Você sente que há duas respostas para esse trabalho: as pessoas que te apoiaram nesse universo e outras que aparecem toda hora dizendo “ah, mas você não vai tocar mais violão, não vai mais tocar folk”? Como você lida com isso?
Há muito! E entendo muito, porque alguns artistas meus – meus! [risos] –, meus ídolos já mudaram radicalmente e eu não curti e acontece. E não culpo, não acho que a pessoa tem que (curtir). Até porque não sou eu, é o meu trabalho, por isso que não gosto muito de me botar nessa situação de ídolo ou de musa, porque na realidade é o meu trabalho. E enquanto trabalho, se podem gostar ou achar ruim, não é comigo diretamente, é com o que estou fazendo, com a obra. Então por outro lado, sinto que se eu tivesse deletado tudo que eu fiz dos streamings, seria uma coisa, mas está tudo lá, sabe? Não acho que seria genuíno da minha parte ficar tentando fazer vários “Monomanias”, apesar de achar que seria mais lucrativo, tipo até hoje o que é mais ouvido (na minha discografia) é o “Monomania”, é o que atinge a maior quantidade de pessoas, era a época em que eu enchia mesmo o Circo Voador e ficava gente de fora, mas não seria genuíno, seria eu tentar mimetizar uma coisa que foi muito verdade pra mim naquela época, mas que não é mais hoje.

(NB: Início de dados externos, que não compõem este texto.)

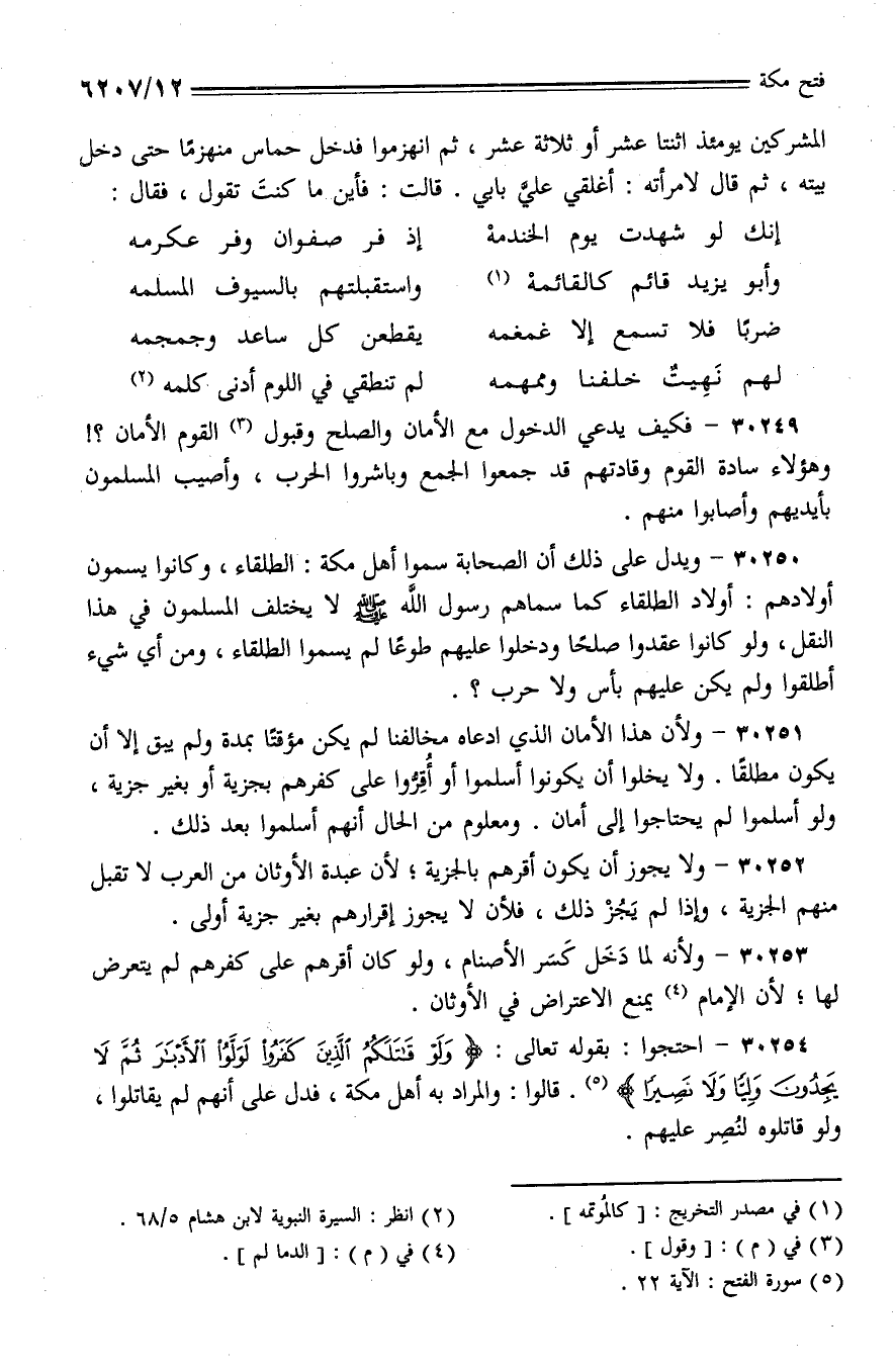 30251 - ولأن هذا الأمان الذي ادعاه مخالفنا لم يكن مؤقتًا بمدة ولم يبق إلا أن يكون مطلقًا. ولا يخلوا أن يكونوا أسلموا أو أقروا على كفرهم بجزية أو بغير جزية، ولو أسلموا لم يحتاجوا إلى أمان. ومعلوم من الحال أنهم أسلموا بعد ذلك.

Como você vê então esse processo de voltar para algumas faixas que você fez no EP “Eu Me Lembro”. Como foi esse processo de selecionar elas, de reencontrá-las, digamos assim?
Nossa, foi muito gostoso. Foi feito na verdade para o show: eu queria muito fazer um show que englobasse o “Monomania”, pois não tenho a menor vergonha, eu amo o “Monomania”, gosto muito do disco. Queria muito que o show tivesse o disco, mas não queria que o show tivesse um momento a parte, tipo “agora parou o ‘Tem Conserto’, vou pegar um violãozinho e vamos lá”, porque acho que isso não é interessante para o espetáculo, fica fragmentado, fica como se fosse um show de esquetes, e não era o que eu queria. Então peguei o que acho que permanece, que é o DNA das letras, porque acho que hoje em dia as letras são menos engraçadas, talvez, ou menos exageradas, mas acho que tem um DNA, um eu-lírico ali que continua. De todo modo, pegar essas letras e trazer para uma sonoridade que faço hoje em dia, sem perder a alma delas, foi muito trabalhoso, a gente teve muito medo. Eu e o Lucas tentamos várias músicas, teve algumas que a gente não conseguiu, talvez um dia a gente consiga. “Macaé”, por exemplo, eu não consegui fazer uma versão que eu achasse esse meio do caminho de ela não perder a alma que ela tem, mas ela ainda fazer sentido com o que gosto hoje, com o que escuto hoje. Várias músicas a gente conseguiu e as pessoas começaram a pedir, “como é que eu escuto essa versão dessa música?”, e eu pensei “vamos fazer”. É esquisito, não lembro de alguém que fez isso, de pegar as músicas antigas e regravar completamente diferente, mas foi muito legal.
E nessa nova fase você também tem uma grande preocupação com os visuais, tanto que você tem lançado vários clipes, um deles é o clipe de “Só + 6”, que é ao lado do pessoal do Teatro da Pomba Gira, aqui de São Paulo. Como foi a sua ligação com eles?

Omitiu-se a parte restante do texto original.